▶ LISTED ENTRIES:
_ _ _ _ _

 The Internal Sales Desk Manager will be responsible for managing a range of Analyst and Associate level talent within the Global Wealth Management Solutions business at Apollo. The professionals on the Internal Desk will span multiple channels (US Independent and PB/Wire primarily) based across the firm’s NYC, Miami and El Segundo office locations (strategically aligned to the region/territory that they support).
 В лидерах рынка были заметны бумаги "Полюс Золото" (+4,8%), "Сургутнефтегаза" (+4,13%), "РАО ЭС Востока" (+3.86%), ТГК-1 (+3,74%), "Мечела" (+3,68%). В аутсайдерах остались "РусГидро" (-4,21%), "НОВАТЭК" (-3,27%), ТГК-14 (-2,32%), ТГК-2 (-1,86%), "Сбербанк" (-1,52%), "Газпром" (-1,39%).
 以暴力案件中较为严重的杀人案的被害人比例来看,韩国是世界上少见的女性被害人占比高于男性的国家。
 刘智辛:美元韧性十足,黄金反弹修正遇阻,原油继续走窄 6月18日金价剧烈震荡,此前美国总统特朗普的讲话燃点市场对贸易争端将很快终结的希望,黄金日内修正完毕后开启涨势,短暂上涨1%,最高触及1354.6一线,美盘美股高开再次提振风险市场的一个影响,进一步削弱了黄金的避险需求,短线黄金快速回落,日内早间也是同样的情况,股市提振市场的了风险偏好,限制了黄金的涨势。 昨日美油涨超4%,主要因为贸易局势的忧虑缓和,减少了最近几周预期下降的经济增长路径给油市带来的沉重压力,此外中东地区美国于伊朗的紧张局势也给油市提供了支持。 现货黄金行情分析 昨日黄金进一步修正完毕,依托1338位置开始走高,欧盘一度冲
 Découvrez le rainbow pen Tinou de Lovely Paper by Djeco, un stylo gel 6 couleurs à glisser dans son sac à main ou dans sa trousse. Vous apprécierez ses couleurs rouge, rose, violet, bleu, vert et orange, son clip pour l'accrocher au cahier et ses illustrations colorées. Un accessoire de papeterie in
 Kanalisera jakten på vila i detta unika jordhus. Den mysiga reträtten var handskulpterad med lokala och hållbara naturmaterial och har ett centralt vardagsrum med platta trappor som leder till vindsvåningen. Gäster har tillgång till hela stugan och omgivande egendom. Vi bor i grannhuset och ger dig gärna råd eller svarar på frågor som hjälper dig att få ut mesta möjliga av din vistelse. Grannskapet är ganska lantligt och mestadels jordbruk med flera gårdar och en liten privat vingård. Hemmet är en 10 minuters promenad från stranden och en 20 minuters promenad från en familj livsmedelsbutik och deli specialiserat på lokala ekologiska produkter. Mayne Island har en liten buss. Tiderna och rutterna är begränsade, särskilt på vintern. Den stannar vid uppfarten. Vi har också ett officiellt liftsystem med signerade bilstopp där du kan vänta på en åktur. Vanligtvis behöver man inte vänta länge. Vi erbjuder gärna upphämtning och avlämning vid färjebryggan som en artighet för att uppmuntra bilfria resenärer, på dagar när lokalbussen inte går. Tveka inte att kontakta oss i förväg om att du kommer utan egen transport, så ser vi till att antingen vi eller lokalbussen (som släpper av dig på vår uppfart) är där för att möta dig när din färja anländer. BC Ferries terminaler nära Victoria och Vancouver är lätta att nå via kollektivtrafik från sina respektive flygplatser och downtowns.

_ _ _ _ _

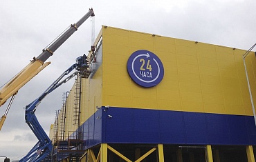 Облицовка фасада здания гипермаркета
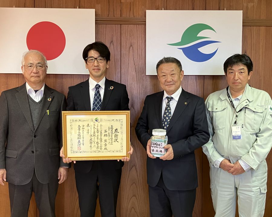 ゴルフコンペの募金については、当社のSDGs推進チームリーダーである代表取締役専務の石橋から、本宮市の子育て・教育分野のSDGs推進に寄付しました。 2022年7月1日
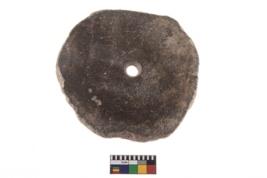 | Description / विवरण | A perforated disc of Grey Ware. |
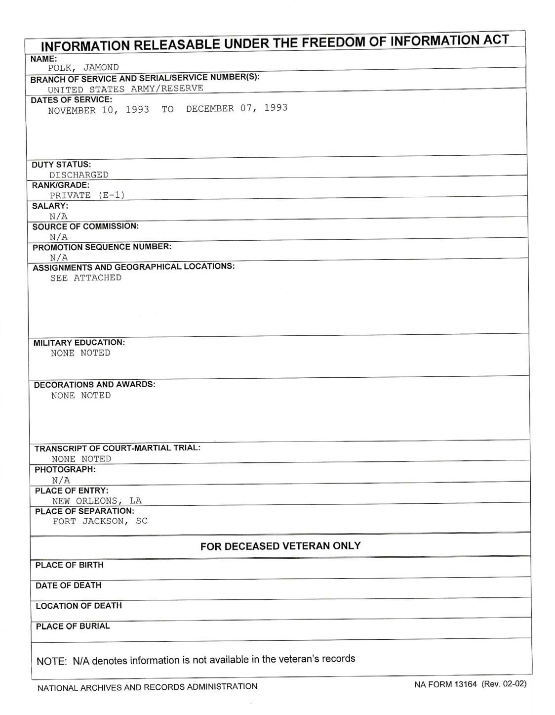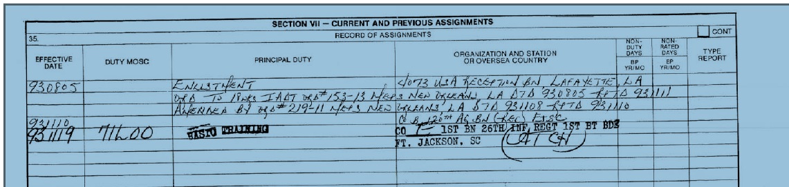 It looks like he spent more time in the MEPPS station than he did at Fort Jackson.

_ _ _ _ _

▶ WHAT TO PRODUCE:
In the entries above, please find the line with "В лидерах рынка" and the line with "Découvrez le rainbow", then write out exactly those two lines and every line between them, and nothing more.

▶ EXERCISE OUTPUT:
 В лидерах рынка были заметны бумаги "Полюс Золото" (+4,8%), "Сургутнефтегаза" (+4,13%), "РАО ЭС Востока" (+3.86%), ТГК-1 (+3,74%), "Мечела" (+3,68%). В аутсайдерах остались "РусГидро" (-4,21%), "НОВАТЭК" (-3,27%), ТГК-14 (-2,32%), ТГК-2 (-1,86%), "Сбербанк" (-1,52%), "Газпром" (-1,39%).
 以暴力案件中较为严重的杀人案的被害人比例来看,韩国是世界上少见的女性被害人占比高于男性的国家。
 刘智辛:美元韧性十足,黄金反弹修正遇阻,原油继续走窄 6月18日金价剧烈震荡,此前美国总统特朗普的讲话燃点市场对贸易争端将很快终结的希望,黄金日内修正完毕后开启涨势,短暂上涨1%,最高触及1354.6一线,美盘美股高开再次提振风险市场的一个影响,进一步削弱了黄金的避险需求,短线黄金快速回落,日内早间也是同样的情况,股市提振市场的了风险偏好,限制了黄金的涨势。 昨日美油涨超4%,主要因为贸易局势的忧虑缓和,减少了最近几周预期下降的经济增长路径给油市带来的沉重压力,此外中东地区美国于伊朗的紧张局势也给油市提供了支持。 现货黄金行情分析 昨日黄金进一步修正完毕,依托1338位置开始走高,欧盘一度冲
 Découvrez le rainbow pen Tinou de Lovely Paper by Djeco, un stylo gel 6 couleurs à glisser dans son sac à main ou dans sa trousse. Vous apprécierez ses couleurs rouge, rose, violet, bleu, vert et orange, son clip pour l'accrocher au cahier et ses illustrations colorées. Un accessoire de papeterie in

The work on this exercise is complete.